■ WHAT IS NEEDED: From the line with "Facebook bewertet die" to the line with "积能 秋冬奥粒绒软壳裤户外防风冲锋裤男女加绒加厚保暖裤", output every line below exactly, both ends included. Skip the pictures.

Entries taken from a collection

::::::::::

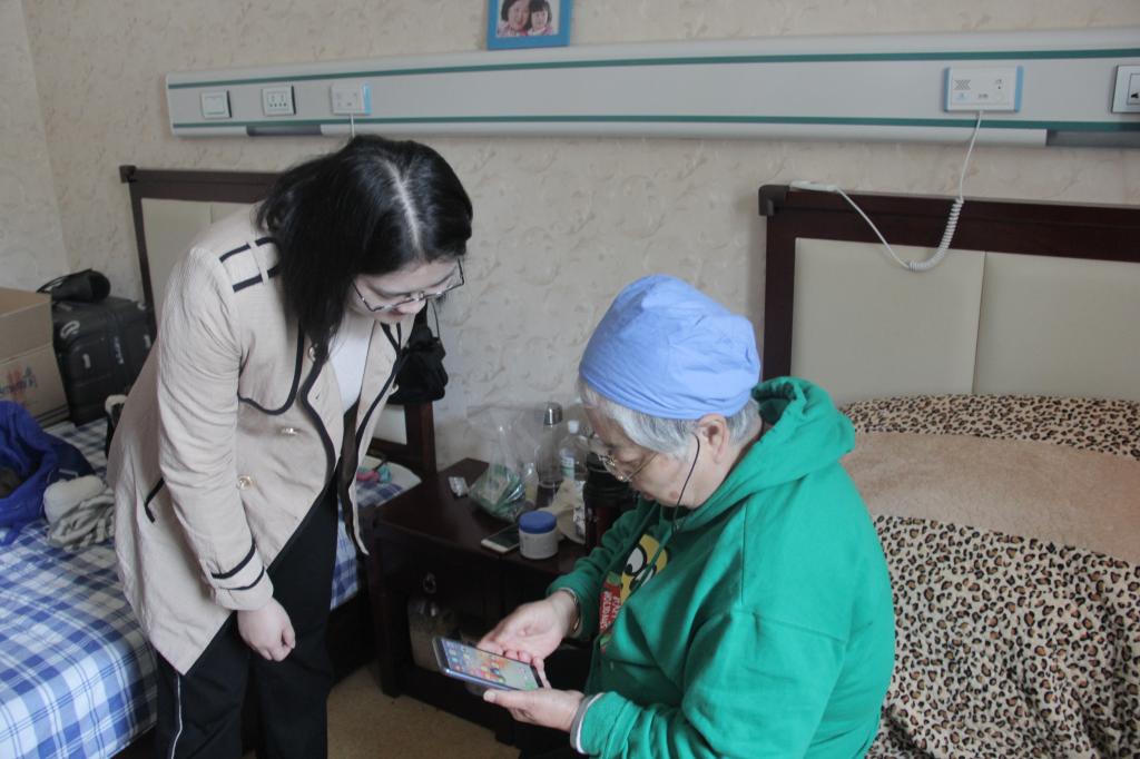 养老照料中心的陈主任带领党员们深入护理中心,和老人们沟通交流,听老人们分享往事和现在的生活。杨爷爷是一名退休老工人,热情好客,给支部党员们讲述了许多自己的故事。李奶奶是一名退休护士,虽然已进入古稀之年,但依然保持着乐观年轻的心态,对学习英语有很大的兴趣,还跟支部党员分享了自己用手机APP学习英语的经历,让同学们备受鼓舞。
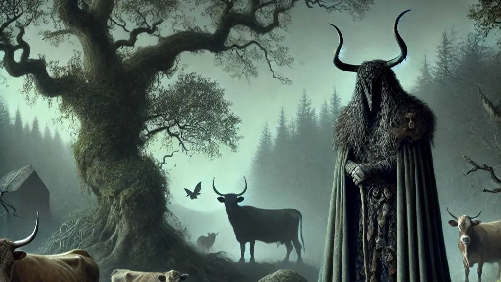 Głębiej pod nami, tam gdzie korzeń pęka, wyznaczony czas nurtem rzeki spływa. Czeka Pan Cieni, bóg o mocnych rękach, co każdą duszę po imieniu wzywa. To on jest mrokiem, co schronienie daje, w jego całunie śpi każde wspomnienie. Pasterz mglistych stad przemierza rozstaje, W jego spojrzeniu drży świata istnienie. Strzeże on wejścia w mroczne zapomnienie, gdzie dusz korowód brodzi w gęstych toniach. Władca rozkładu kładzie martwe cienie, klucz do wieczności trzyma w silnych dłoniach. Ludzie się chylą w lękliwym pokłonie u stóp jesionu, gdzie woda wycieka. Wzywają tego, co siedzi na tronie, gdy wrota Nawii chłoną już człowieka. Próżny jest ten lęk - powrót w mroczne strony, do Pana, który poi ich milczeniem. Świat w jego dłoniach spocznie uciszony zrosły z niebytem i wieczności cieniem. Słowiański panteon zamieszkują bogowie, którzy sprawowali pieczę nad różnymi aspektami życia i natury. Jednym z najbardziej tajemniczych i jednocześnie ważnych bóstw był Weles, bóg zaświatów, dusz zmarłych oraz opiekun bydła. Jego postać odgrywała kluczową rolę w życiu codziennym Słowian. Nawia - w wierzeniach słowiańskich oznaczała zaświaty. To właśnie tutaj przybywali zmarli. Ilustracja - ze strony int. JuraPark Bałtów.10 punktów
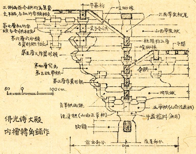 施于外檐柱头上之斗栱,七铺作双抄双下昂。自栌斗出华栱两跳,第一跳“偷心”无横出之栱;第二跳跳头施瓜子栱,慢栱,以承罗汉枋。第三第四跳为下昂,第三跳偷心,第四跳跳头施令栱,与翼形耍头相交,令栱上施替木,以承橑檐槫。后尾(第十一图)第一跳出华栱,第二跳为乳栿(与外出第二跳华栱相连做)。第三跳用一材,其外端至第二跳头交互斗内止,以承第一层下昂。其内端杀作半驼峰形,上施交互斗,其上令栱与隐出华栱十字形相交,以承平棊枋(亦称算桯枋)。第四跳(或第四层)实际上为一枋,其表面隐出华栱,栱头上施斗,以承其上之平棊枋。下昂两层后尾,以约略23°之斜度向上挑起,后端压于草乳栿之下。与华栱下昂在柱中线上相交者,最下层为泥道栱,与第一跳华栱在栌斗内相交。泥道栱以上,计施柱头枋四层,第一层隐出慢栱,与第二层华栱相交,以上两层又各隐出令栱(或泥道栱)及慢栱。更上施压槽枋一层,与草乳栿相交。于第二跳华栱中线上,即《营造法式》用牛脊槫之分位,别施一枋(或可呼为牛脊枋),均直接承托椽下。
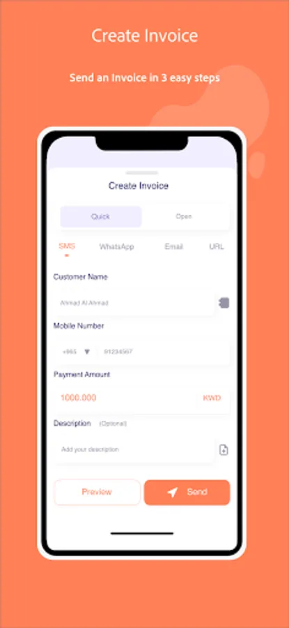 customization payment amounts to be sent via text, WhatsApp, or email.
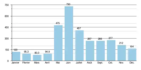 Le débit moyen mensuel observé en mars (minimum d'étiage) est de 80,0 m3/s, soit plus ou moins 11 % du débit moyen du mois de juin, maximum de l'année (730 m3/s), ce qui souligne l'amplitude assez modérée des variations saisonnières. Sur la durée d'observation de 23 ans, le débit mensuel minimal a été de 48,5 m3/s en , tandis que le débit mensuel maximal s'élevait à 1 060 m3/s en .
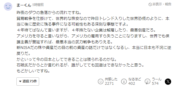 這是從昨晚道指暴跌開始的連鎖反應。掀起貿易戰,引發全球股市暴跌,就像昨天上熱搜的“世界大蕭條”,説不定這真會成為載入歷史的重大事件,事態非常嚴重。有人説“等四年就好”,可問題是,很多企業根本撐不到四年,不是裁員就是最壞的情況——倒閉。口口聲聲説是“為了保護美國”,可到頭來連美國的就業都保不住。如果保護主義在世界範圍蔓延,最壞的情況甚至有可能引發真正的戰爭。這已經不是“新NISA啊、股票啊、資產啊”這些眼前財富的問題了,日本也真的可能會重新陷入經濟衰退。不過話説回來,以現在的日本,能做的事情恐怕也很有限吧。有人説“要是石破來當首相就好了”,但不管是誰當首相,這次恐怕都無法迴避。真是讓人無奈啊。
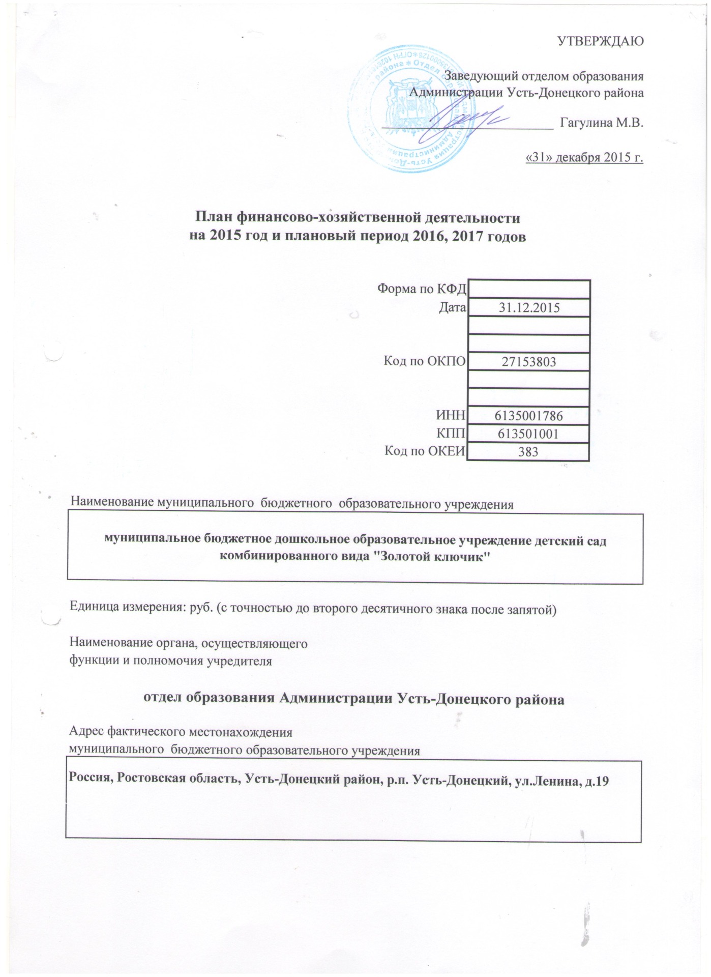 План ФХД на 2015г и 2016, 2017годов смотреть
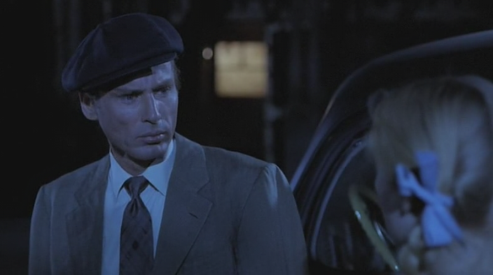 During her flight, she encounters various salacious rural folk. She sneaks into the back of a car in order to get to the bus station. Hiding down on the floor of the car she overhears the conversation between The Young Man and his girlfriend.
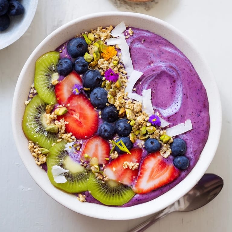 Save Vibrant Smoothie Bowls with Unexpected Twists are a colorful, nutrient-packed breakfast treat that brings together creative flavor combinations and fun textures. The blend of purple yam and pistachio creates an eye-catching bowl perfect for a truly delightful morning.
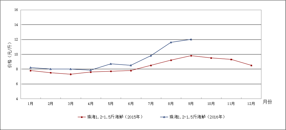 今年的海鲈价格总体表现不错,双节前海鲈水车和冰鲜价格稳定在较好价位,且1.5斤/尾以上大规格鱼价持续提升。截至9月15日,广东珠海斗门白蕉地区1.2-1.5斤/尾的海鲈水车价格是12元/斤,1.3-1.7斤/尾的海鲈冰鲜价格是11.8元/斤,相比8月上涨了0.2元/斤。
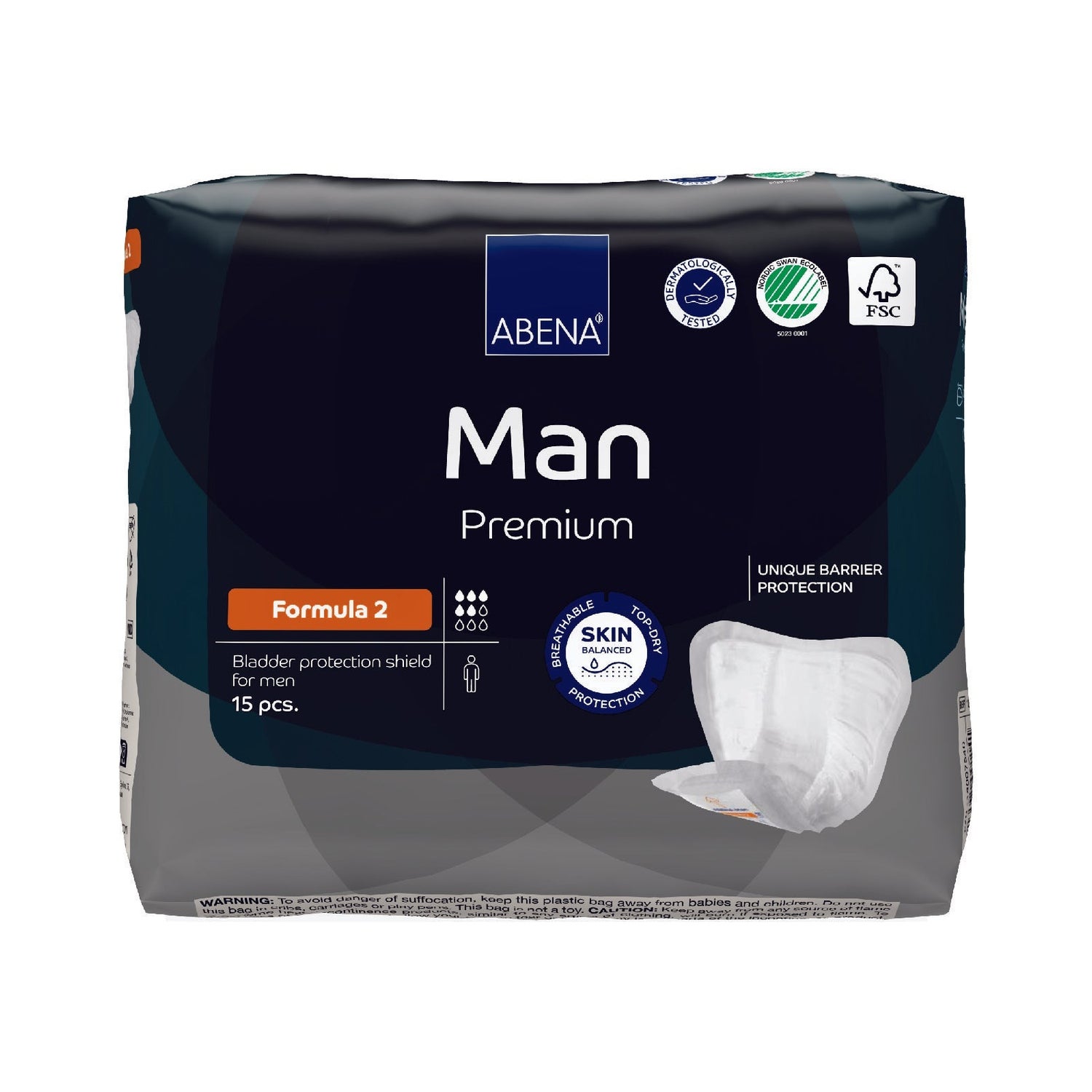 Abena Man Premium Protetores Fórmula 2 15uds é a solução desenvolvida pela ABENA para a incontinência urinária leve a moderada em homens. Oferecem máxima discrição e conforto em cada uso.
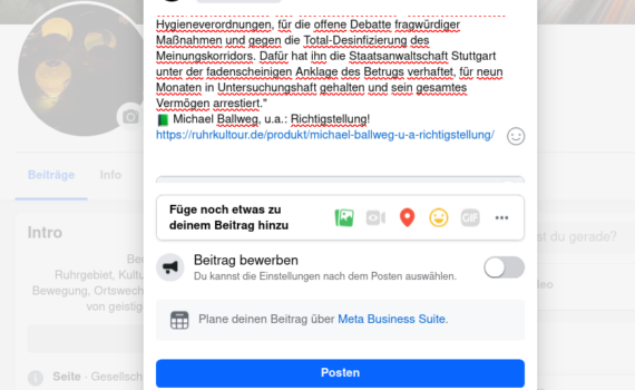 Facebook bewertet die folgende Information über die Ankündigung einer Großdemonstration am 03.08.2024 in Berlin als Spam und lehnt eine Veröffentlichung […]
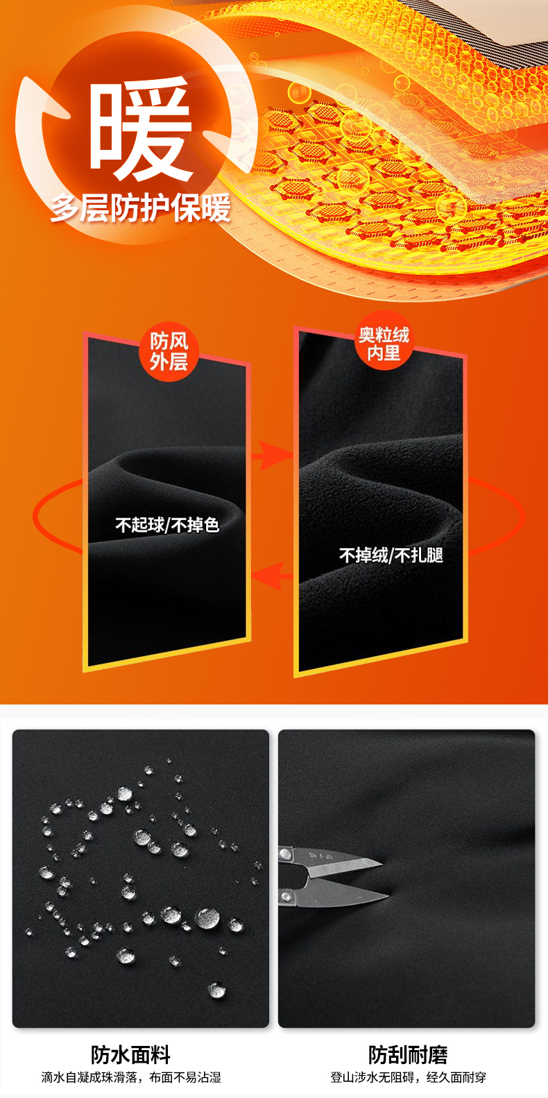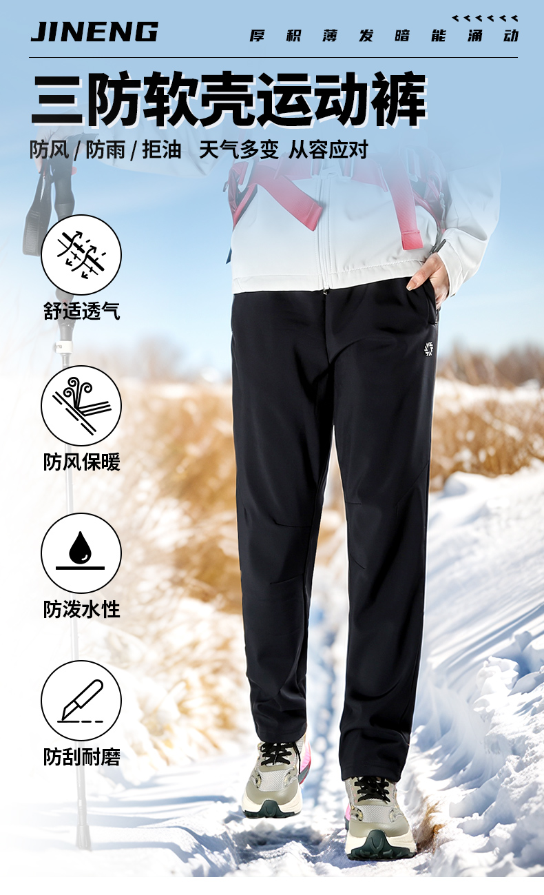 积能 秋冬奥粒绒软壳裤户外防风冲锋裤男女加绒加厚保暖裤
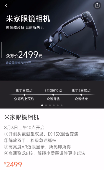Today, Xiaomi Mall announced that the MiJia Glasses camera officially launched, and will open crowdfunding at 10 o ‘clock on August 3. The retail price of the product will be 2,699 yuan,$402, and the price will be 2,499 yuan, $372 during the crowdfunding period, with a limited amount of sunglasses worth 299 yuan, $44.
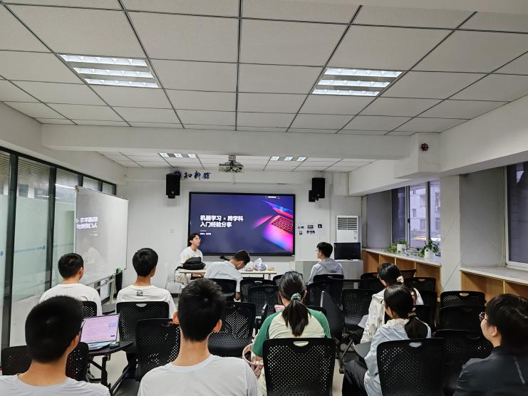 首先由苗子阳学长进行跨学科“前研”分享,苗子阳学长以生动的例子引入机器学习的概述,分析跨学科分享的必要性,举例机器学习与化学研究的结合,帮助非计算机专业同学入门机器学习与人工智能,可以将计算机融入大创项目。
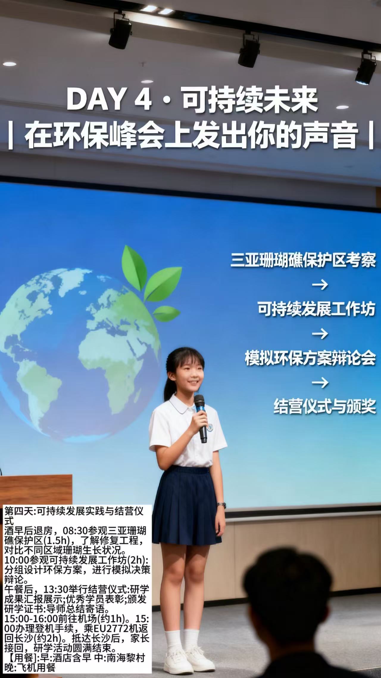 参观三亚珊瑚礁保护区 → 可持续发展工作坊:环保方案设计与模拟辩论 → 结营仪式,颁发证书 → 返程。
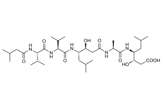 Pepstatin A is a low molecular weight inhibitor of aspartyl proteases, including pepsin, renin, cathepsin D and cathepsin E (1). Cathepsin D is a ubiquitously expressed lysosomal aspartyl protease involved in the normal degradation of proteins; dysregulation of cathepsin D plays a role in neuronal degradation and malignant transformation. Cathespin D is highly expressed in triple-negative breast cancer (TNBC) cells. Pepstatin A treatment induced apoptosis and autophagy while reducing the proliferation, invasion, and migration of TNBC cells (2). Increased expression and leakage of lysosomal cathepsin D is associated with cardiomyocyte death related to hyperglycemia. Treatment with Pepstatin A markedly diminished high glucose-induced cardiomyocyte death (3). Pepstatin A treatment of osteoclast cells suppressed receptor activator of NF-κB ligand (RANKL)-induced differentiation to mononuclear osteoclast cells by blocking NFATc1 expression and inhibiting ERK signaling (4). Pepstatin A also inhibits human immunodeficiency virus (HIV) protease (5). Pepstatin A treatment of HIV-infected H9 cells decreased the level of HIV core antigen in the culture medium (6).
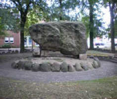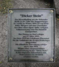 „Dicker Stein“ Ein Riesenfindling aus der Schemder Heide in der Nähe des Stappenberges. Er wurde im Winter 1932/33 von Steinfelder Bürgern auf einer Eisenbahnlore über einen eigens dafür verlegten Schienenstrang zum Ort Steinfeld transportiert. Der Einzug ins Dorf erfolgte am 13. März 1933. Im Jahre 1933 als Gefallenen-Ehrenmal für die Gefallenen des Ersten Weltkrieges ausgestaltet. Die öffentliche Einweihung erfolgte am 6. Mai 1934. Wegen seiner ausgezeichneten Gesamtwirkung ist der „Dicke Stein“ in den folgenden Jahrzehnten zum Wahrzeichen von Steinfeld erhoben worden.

::::::::::

■ ANSWER TO THE PROBLEM:
 Facebook bewertet die folgende Information über die Ankündigung einer Großdemonstration am 03.08.2024 in Berlin als Spam und lehnt eine Veröffentlichung […]
 积能 秋冬奥粒绒软壳裤户外防风冲锋裤男女加绒加厚保暖裤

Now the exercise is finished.